As in the case of XANES, ELNES spectra have mostly been interpreted by comparing them to those of well-characterized substances, that is, by fingerprinting. However, even for determining the coordination number of an element, this approach has its pitfalls, for instance when small and highly charged cations are present in the second coordination sphere.

Recent progress in multiple scattering calculations has made it possible to calculate theoretical spectra by ab-initio methods from positional parameters. In this project we compare theoretical spectra to those of quartz, coesite, and stishovite, which are used as examples of chemically simple substances with Si in either tetrahedral or octahedral coordination. Questions to be answered are:

- which form of a potential should be used to best fit the calculations to the experimental spectra ?

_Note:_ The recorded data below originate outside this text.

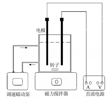 實驗裝置見圖 1 。反應容器由樹脂玻璃制成(內徑14 cm,高16 cm,厚2.5 mm),容積為2.5 L。兩電極 為鐵電極(長25 cm,直徑5 mm,純度98.5%),垂直插入溶液中,電極相距8 cm,距容器底部1 cm,浸 沒在水溶液中的電極表面積為18.84 cm2,兩電極與直流電源相連。容器與蠕動泵相連接, 保證水循環。實驗在25 ℃下進行,每次實驗將2 L銅冶煉廢水過濾后,用1 mol/L NaOH 調節其pH,然后加入到容器 中,加3 g NaCl以提高電導率。接通電源,反應開始。反應完成后取10 mL溶液過0.45 μm微濾膜,用 原子熒光分光光度計測定濾液中的砷;用原子吸收分光光度計測定濾液中的銅、鎘、鉛、鋅。
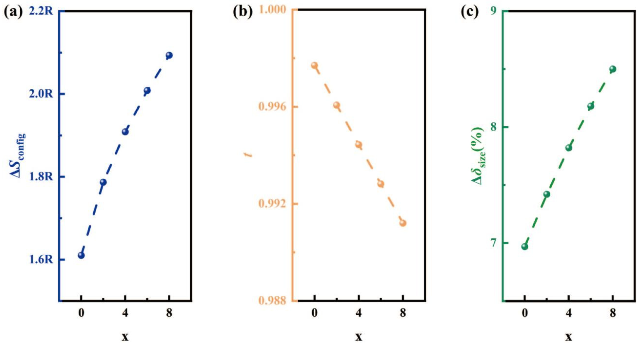- Ning, Y.; Pu, Y.; Zhang, Q.; Zhou, S.; Wu, C.; Zhang, L.; Shi, Y.; Sun, Z. Achieving high energy-storage properties in perovskite oxide via high-entropy design. Ceram. Int. 2023, 49, 12214–12223. [Google Scholar] [CrossRef]
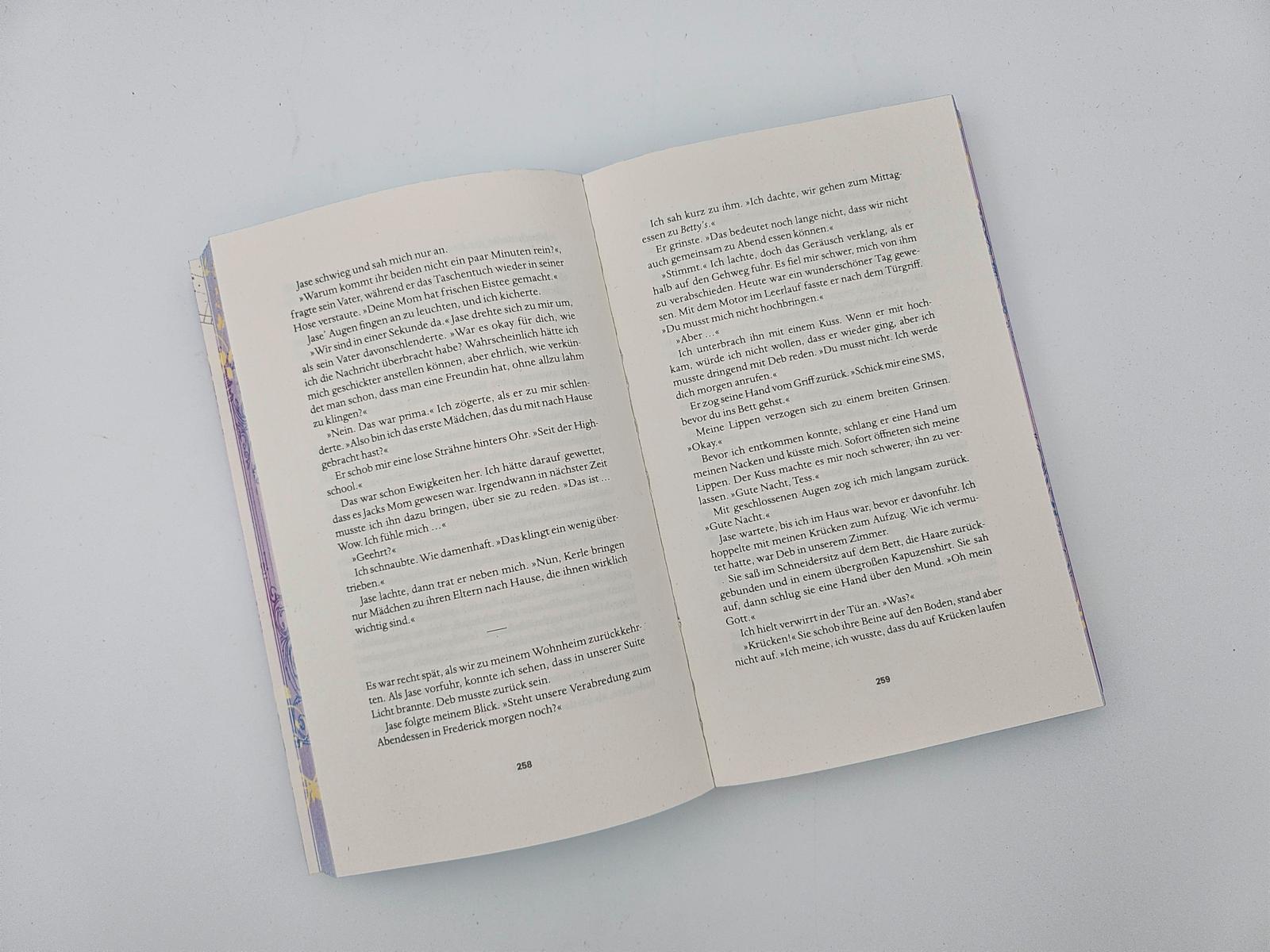 - Beschreibung Teresa Hamilton wollte immer nur eines: Tänzerin werden. Doch als ihr großer Traum nach einer Verletzung plötzlich in weite Ferne rückt, ist es Zeit für Plan B: einen College-Abschluss. An der West Virginia University trifft sie dann nicht nur ihren Bruder Cameron, sondern auch dessen besten Freund Jase Winstead – der Teresa einst den unglaublichsten Kuss gab, den die Welt je gesehen hat. Danach hat er allerdings kein Wort mehr mit ihr gesprochen, und auch jetzt will er ganz offensichtlich nichts mit ihr zu tun haben ...Hinweis: Farbschnitt nur in limitierter Auflage vorrätig. Sobald alle Exemplare mit Farbschnitt ausverkauft sind, liefern wir das Buch ohne Farbschnitt aus.

- what is the minimum cluster size necessary to achieve good agreement, or, conversely, what is the characteristic length scale of the ELNES spectra ? How much information from second, third, etc. coordination spheres is contained in the spectra ?

The goal thus is to explain the spectra rather than describing them empirically.

By comparing experimental and calculated spectra it can be shown that the gross features of the Si K- and L-edge ELNES spectra are produced by the first coordination shell, i.e. the coordination number and symmetry of the oxygens surrounding the Si atom; on the other hand calculations indicate that the overall topology of edges are insensitive to Si-O bond length. For instance, an isolated SiO₆ cluster yields a single strong peak for the Si K-edge, whereas a SiO₄ cluster produces two strong peaks, as observed in the spectra of stishovite vs. quartz or coesite. This sensitivity to the first coordination sphere should allow the determination of Si coordination numbers in unknown phases. On the other hand, the fine structures in the spectra, present as weak peaks above the edge or as shoulders, can only be accounted for by including outer coordination spheres into the calculations. Optimum correspondence between the observed fine structure and the calculated spectra was achieved by using the Xα-type potential with the exchange parameter α set to 0.828, and for cluster sizes of at least 50 atoms, corresponding to a cluster radius of about 5 Å (Fig. 3.3-6). Increasing the cluster radius significantly beyond this value produces little change. Despite the restricted length scale of observation, ELNES spectra are thus sensitive to both short-range and long-range order, plus polyhedral linkage etc. We plan to explore the latter aspect by measuring and calculating Si K- and L-edge spectra of the high-pressure MgSiO₃ polymorphs ilmenite and perovskite, which exhibit corner-sharing and face-sharing of the SiO₆ polyhedra, and comparing them to the spectra of stishovite, in which the SiO₆ polyhedra share edges.
 

Fig. 3.3-6: Comparison of observed ELNES and calculated Si K-edge spectra of stishovite. Vertical bars in the experimental spectrum correspond to peak maxima determined by fitting.